Sui camper dei diseredati nell’America della recessione

di | 26/04/2021

Chi meglio di chi è costretto dagli eventi ad un perpetuo vagabondaggio può aiutarci a capire meglio cosa significa avere una casa, una famiglia, appartenere ad una comunità?

Nomadland

Frances McDormand e Chloé Zhao sul set di Nomadland

Jessica Bruder è una giornalista statunitense che nel 2011 si imbarca in un viaggio di tre anni in camper per investigare su un nuovo fenomeno: quello dei lavoratori stagionali in età da pensione buttati sul lastrico dalla crisi finanziaria dei subprimes del 2008. Questi signori e signore attempati hanno speso i loro ultimi risparmi per comprarsi una roulotte e percorrere gli Stati Uniti da un estremo all’altro alla ricerca di un lavoro. Nel 2014 il viaggio di Jessica Bruder viene pubblicato sulla rivista Harper’s e diventa poi un libro nel 20171. Nello stesso anno Brett Story e l’autrice realizzano un breve documentario, CamperForce2, il cui titolo allude alla politica dei lavori stagionali di Amazon, il cui fondatore e proprietario è uno degli uomini più ricchi del pianeta. Il libro piace molto a Frances McDormand e Peter Spears che ne comprano i diritti cinematografici per poi chiedere a Chloé Zhao di farne un film. Ne viene fuori un’opera a metà tra il documentario e la finzione, con uno sguardo al cinema di denuncia ed ai classici del dopoguerra, uno di quei film che sul momento ti piacciono sans plus, ma che poi crescono col passare dei giorni quando ci ripensi e ne discuti con gli amici. Perché non si tratta solo di un bello e insolito film on the road, ma anche di un viaggio nel tempo e nella storia degli Stati Uniti: è inevitabile che uno dei protagonisti ad un certo punto ricordi di come anche i suoi progenitori abbiano a loro volta dovuto migrare continuamente per guadagnarsi da vivere (nel passaggio sterminando i nativi, ma questa purtroppo è un’altra triste storia). Guardando questo film mi sono chiesto: quanti film sulla Grande Depressione sono stati girati durante la Grande Depressione? E mi sono risposto che in fondo non ne sono stati girati molti, cosa sorprendente se si considera che l’evento sia poi passato alla storia come la crisi per antonomasia. Di questi pochi film ancora meno sono passati alla storia del cinema, come Furore di John Ford3 (tratto dall’omonimo romanzo di John Steinbeck4).
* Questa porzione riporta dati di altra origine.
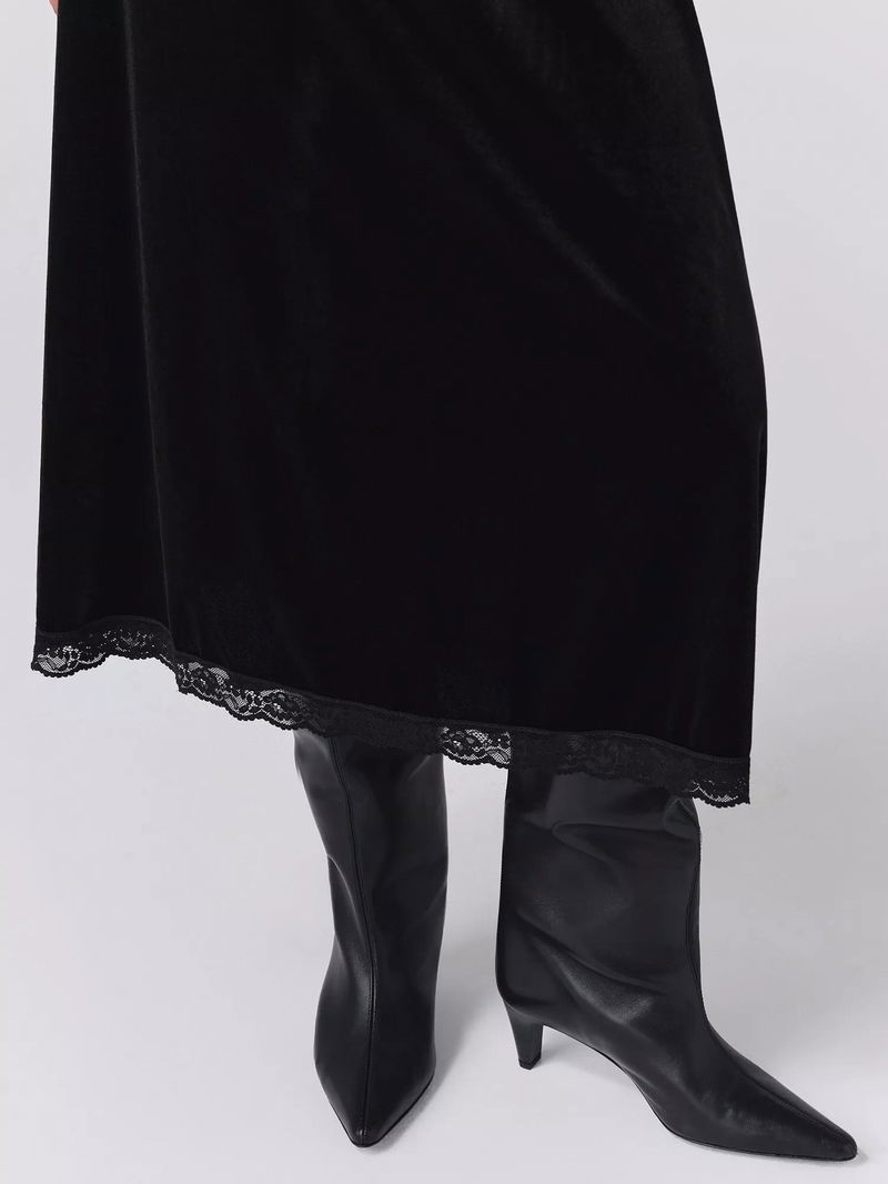 Made to move with you, this midi skirt from Ghost is A-line in shape and finished with lace detailing at the hem.

Ci deve essere decisamente qualcosa di indicibile e vergognoso nella storia e nelle storie di tutte queste vittime di un’economia così platealmente disumana, quelli che “non ce l’hanno fatta”, e a maggior ragione è ben meritato il leone d’oro alla 77a Mostra Internazionale d’Arte Cinematografica di Venezia ed ora anche l’Oscar per il miglior film.
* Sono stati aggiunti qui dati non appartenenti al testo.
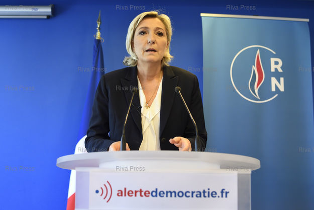 Légende : Marine Le Pen, présidente du Rassemblement national (ex-Front national), s'exprime après que la justice a annoncé, dans le cadre de l'affaire des assistants présumés fictifs d'eurodéputés, confisquer les 2 millions d'euros d'aides publiques d'Etat. Selon Marine Le Pen, le parti "ne pourra plus payer ses salariés à partir du mois d'août" /// Marine Le Pen, President of the Rassemblement National far-right Party (ex-Front National), speaks after the justice announced, in the case of the presumed fictitious assistants of MEPs, confiscate the 2 million euros of state aid. According to Marine Le Pen, the party "will not be able to pay its employees from the month of August" - Nanterre - 09/07/2018 - Photo © Lionel Préau +33 (0)6 68 12 83 77
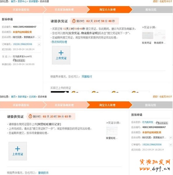 同時,在舉證期,您也可以根據舉證事例將憑證上傳至淘寶,便于賣家以及淘寶對于投訴問題的判斷。
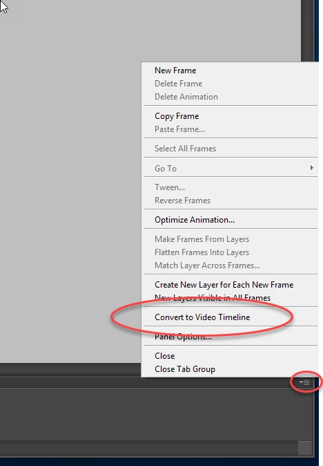 When you first open a timeline there is a drop down to create frame animation or video timeline

Il film comincia con un paesaggio di staticità e di morte: sullo sfondo di una città fantasma, coperta da neve e ghiaccio, una giovane vedova, che ha anche perso il lavoro ed è costretta ad abbandonare la propria casa, deve scegliere i pochi oggetti ed indumenti che potrà imbarcare su un camper, che sarà la sua nuova dimora per non si sa quanto tempo. Deve imparare ad adattarsi alla sua nuova condizione di donna sola e povera, e mettersi in marcia per un viaggio che probabilmente non finirà mai. Con questo stato d’animo lo spettatore sin dall’inizio non può più meravigliarsi delle tante cose insolite che si svolgono sotto i suoi occhi: per esempio che una buona percentuale, forse la maggioranza, di questi nuovi nomadi siano donne, e il fatto che per tirare avanti queste donne debbano tirare fuori il loro lato virile passi quasi inosservato, o peggio inevitabile. Ogni riferimento alle epopee western è assolutamente voluto. Bello anche il contrasto tra il piccolo e accogliente mondo dentro il camper e gli spazi immensi e selvaggi dell’America. I suoni d’ambiente si fondono bene con le canzoni country western mentre la musica originale di Ludovico Einaudi, fredda e distante, serve forse ad aumentare il senso di disorientamento e spaesamento.

Il finale, ambiguo ma non troppo, suggerisce perché la McDormand e Spears abbiano scelto Chloé Zhao: nei suoi film precedenti Songs My Brothers Taught Me5 e The Rider – Il sogno di un cowboy6, i protagonisti cercano di non lasciarsi sopraffare dagli eventi e, facendo di necessità virtù, trasformano il loro furore in emancipazione. Era importante in questa epoca di rinunce e fatalismo lanciare un segnale di riscossa, se non collettiva almeno personale, perché poi è sempre da lì che partono tutte le battaglie: alla fine dei conti vagabondare, cioè essere completamente liberi, è una condanna o un premio?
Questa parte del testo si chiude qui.